凌晨,馮恢忽然醒來,卻沒起身,而是默默聽著外面的動靜。
外面并無異常。
過了一會,他披著衣服起身,點起蠟燭,然后就著燭光寫信。
雖然昨天才寫了一封信,讓人帶回楚國,但現在,他還是想寫。
信是寫給家人的,他家人在鄱陽,日子過得無憂無慮,獨獨缺了他這個兒子、良人、父親在身邊。
每逢佳節,獨在長安的馮恢,總會想此時此刻家人們在做什么,并提前寫好信,通過特定的“渠道”,把信送回遙遠的家鄉。
他在長安多年,口音已經完全變了,說話帶著關中口音。
只要他不想,別人就無法從他口中聽出絲毫鄱陽口音來。
馮恢的口音變化很大,但家鄉的變化更很大,雖然家人的來信里,描述了鄱陽城的變化,但他很想親眼看看,自幼生長的家鄉,如今到底有多么繁華。
因為饒州有新平和樂安兩棵“搖錢樹”,所以,常住饒州的人口每年都在增加,鄱陽城的常住人口,據說已經達到十萬戶。

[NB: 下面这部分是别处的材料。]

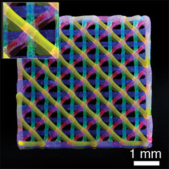 To print 3D tissue constructs with a predefined pattern, the researchers needed functional inks with useful biological properties, so they developed several “bio-inks”—tissue-friendly inks containing key ingredients of living tissues. One ink contained extracellular matrix, the biological material that knits cells into tissues. A second ink contained both extracellular matrix and living cells.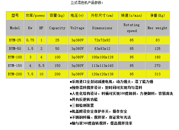 3、短時(shí)間內(nèi)完成均勻混料,低耗能;
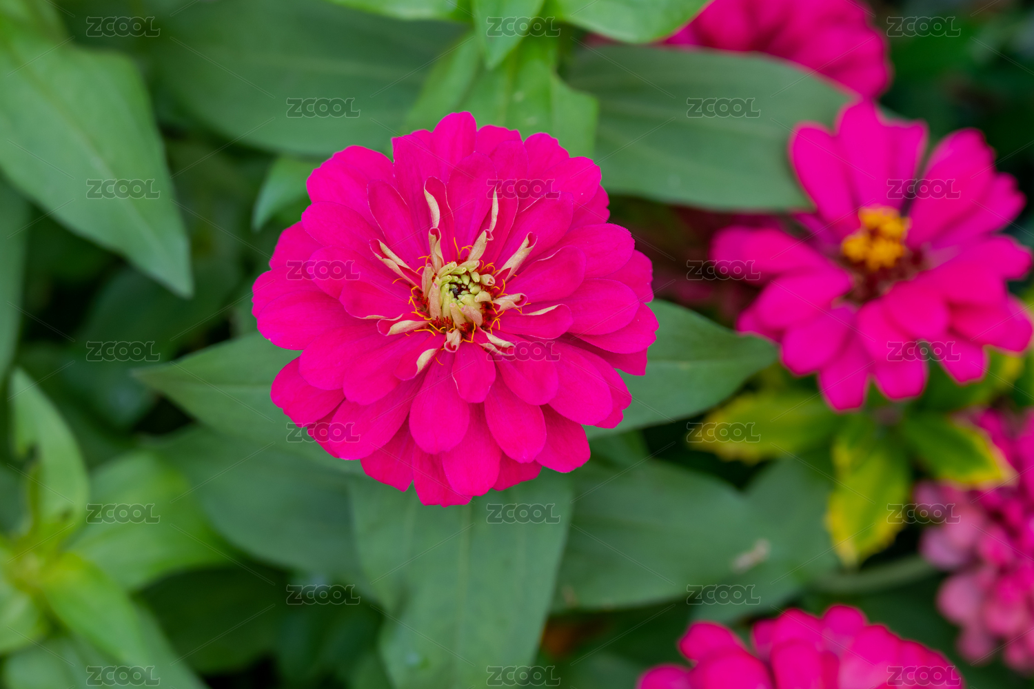 花坛中,盛开的百日菊特写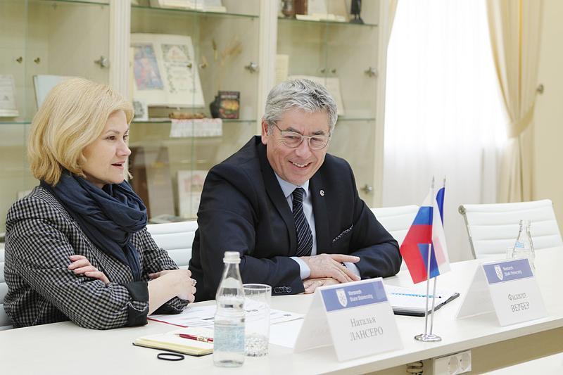 A working meeting between the Rector of the university, Dmitry Endovitsky, and the President of the international commission MEDEF, Philip Weber, was held at the university. The participants discussed the international academic programme ЕМВА jointly implemented by VSU and ISC Paris Business School, organisational issues regarding the diploma award ceremony for the second graduates of the programme, and the prospects of establishing a new research centre in the Voronezh region.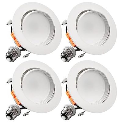 Elevate your home's aesthetics with TORCHSTAR high-quality LED recessed lights. The rotatable design allows for customizable lighting options and dimming. The high CRI of 90+ displays objects vividly under the warm yellow light. Seamless dimming from 10% to 100% creates different brightness levels. The 4 inch gimbal LED recessed lights are durable with excellent heat dissipation and a longer lifespan. This energy-efficient light will save you up to $847 over its lifespan. It is compatible with most LED dimmers on the market and is UL and Energy Star listed. The pack of 4 lights comes with a 3-year warranty. Perfect for bedrooms, kitchens, and living rooms.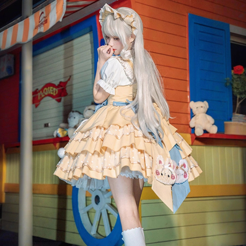 Elevate your wardrobe with the Kawaii Yellow Cartoon Bear JSK Dress! Adorable embroidery and stretchy fabric make this Lolita dress a seasonal favorite in sizes S, M, L.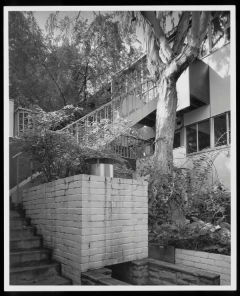 The limited treeless site inspired Neutra to strive to demonstrate his ability to achieve privacy and spacious living despite the constraints and density of the neighborhood. Unlike adjacent one-story low houses, he built vertically to take advantage of the views over the reservoir, the San Gabriel Mountains to the far north, and his own peaceful garden to the rear. For privacy the first floor of the north wall was likewise unbroken. Neutra planted fast-growing trees and other plants to the very edge of the sidewalk, providing solar protection and privacy from Silver Lake Boulevard. Taking advantage of vague enforcement of setback requirements, he built to the street line and to the full 60-foot width north and south as well.

鄱陽城的規模擴大了許多倍,昔日的街道,悉數拓寬,破敗的民居,全都推倒重建,如今的鄱陽城,可謂脫胎換骨。。。
馮恢想到這里,放下筆,因為外面忽然喧囂起來。
他聽著外面的動靜,本來有些煩躁的心,忽然平靜下來。
信,已經沒有時間寫了,更無法寄出去。
馮恢拿起信紙,放到蠟燭上點燃,火光照亮了他的臉。
腳步聲起,有人撞開房門,沖了進來:“老馮!他們來了!!”
“是么?”馮恢將燒起來的信紙扔到地上,用腳踩了踩,將灰燼踩碎。
火光依舊映照著他的臉,但卻是來自外面。
外面,火光沖天、人聲鼎沸,并不時有人高呼“投降不殺”,看來,他的住處已經被包圍。
跑,是絕對跑不掉的。
馮恢探手伸入衣襟,掏出掛在脖子上的一個小瓷瓶,看著跑過來報信的同伴。
對方手里,也有一個瓷瓶,同樣以細繩掛在脖子下。
“好兄弟,黃泉路上,做個伴吧!”馮恢說完,笑起來,對方也笑起來。
這一天果然來了,他們再也回不去了。
但是,他們的家人,他們的兒子,會有一個光明的前途。
因為這是他們的同鄉、當今天子承諾過的。
馮恢打開瓷瓶的蓋子,看看外面晃動的火光,毫不猶豫將瓶中之物一飲而盡。
破門的聲音響起,與此同時,他的喉嚨如火燒一般灼熱,這股灼熱沿著喉嚨往下走,一直進入胃部。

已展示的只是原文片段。